Читайте также:
|
|
У Ножовщиков было только одно космологическое видение: Машина Спасения. Они рисовали ее на стенах своих домов, вырезали на рукоятках ножей, их немногочисленные дети, слушая рассказы взрослых, чертили ее палочкой на песке. Ножовщики пели о ней в своих заунывных псалмах, столь странных и печальных, что лишь они сами могли их слушать.
Космическим орудием спасения является вращательное движение; и то могучее, что направляет по орбитам далекие планеты, зодиакальные созвездия и всю вселенную, но и то малое, присущее творениям рук человеческих: мельничным жерновам, кривошипам, часам, колесам телег, гончарным кругам, пестику для растирания мака. А также самое крохотное, ощутимое во всех мельчайших частицах, из которых складывается мир.
Я бы описала это так: солнце, приведенное во вращательное движение в начале всех времен, – это гигантский пылесос, он засасывает свет из материи, подает его на орбиты планет и на огромные водяные колеса Зодиака. А с них тем же движением свет посылается выше, к границам всего мира, откуда он и поступает к нам.
Свет живет в душах людей и животных, глубоко запрятан, подвергнут гипотермии, закатан в жестяную банку. А луна – транспортный корабль, перевозящий души умерших с земли на солнце. В первую половину месяца она собирает их и становится все более яркой; идет к полнолунию. Во второй половине месяца она отдает их солнцу, поэтому к новолунию снова пуста, разгружена.
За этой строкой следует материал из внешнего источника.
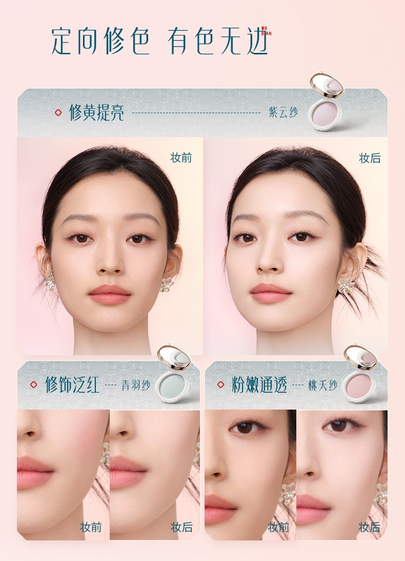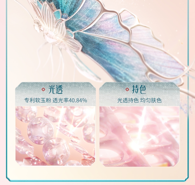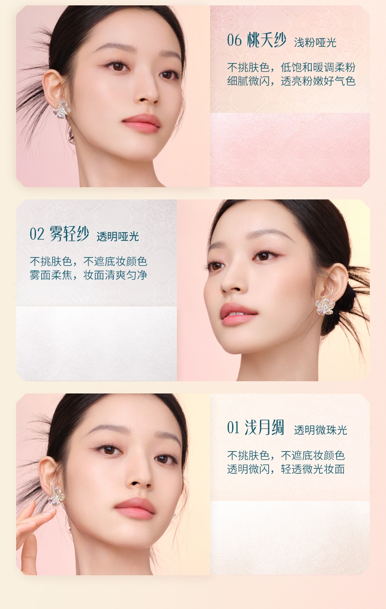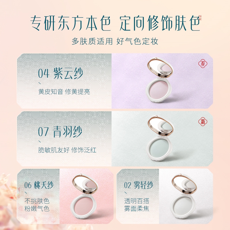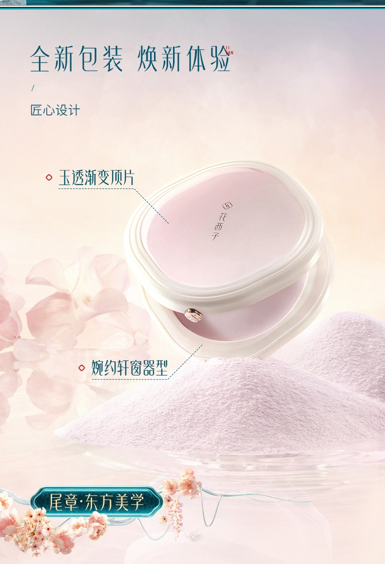 东方美学设计,颜值与实用并存;粉质细腻轻盈,打造自然柔焦妆效;控油持妆,妆容持久清新
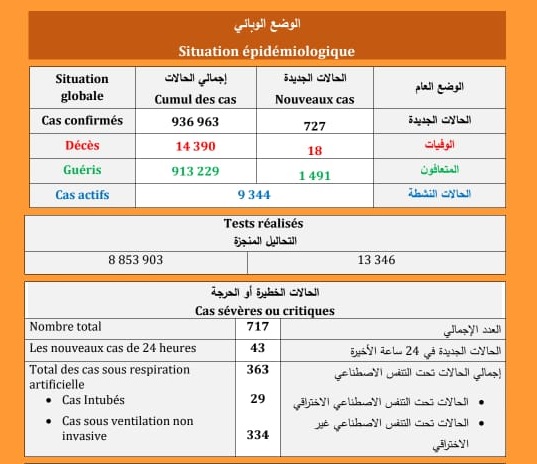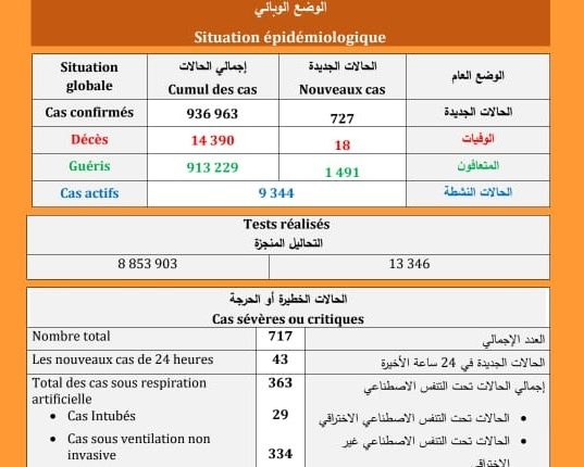 (كوفيد-19) : تسجيل 19 حالة وفاة و727 اصابة جديدة و 1491 حالة شفاء و أزيد من 64 ألف شخصا تلقوا الجرعة الثالثة من اللقاح

Луна стоит между землей и небом, опорожненная, готовая к очередному рейсу. Серебристый танкер.
Солнце будет существовать до тех пор, пока – как поют в псалмах Ножовщики – не высосет все частицы света и не отдаст их Хозяину. После чего оно исчезнет, погаснет, рассыплется, а с ним и Луна, а потом нарушится гармония Зодиака. Вся огромная сложная космическая машина заскрежещет, остановится и в конце концов с грохотом развалится. Не нужны будут галактики. Окраины мира окажутся в его центре.
МЫ УЕЗЖАЕМ, СКАЗАЛА Я,
ЗАВТРА ДЕНЬ ВСЕХ СВЯТЫХ [42]
Марта сидела за столом и терла покрасневшие глаза. В кухне у нее было невероятно чисто; все кастрюли убраны, начисто отдраена клеенка, натертый мастикой дощатый пол сверкает. Даже окна она вымыла и смахнула с них всю паутину, в которой летом запутывалось солнце. Каменные подоконники без трупиков ночных бабочек походили на могильные плиты. Я принесла Марте остатки пирога, и она съела его с жадностью. Потом встала и, шаркая, поплелась в комнату; через открытую дверь я увидела безукоризненно заправленную кровать, готовую к зиме.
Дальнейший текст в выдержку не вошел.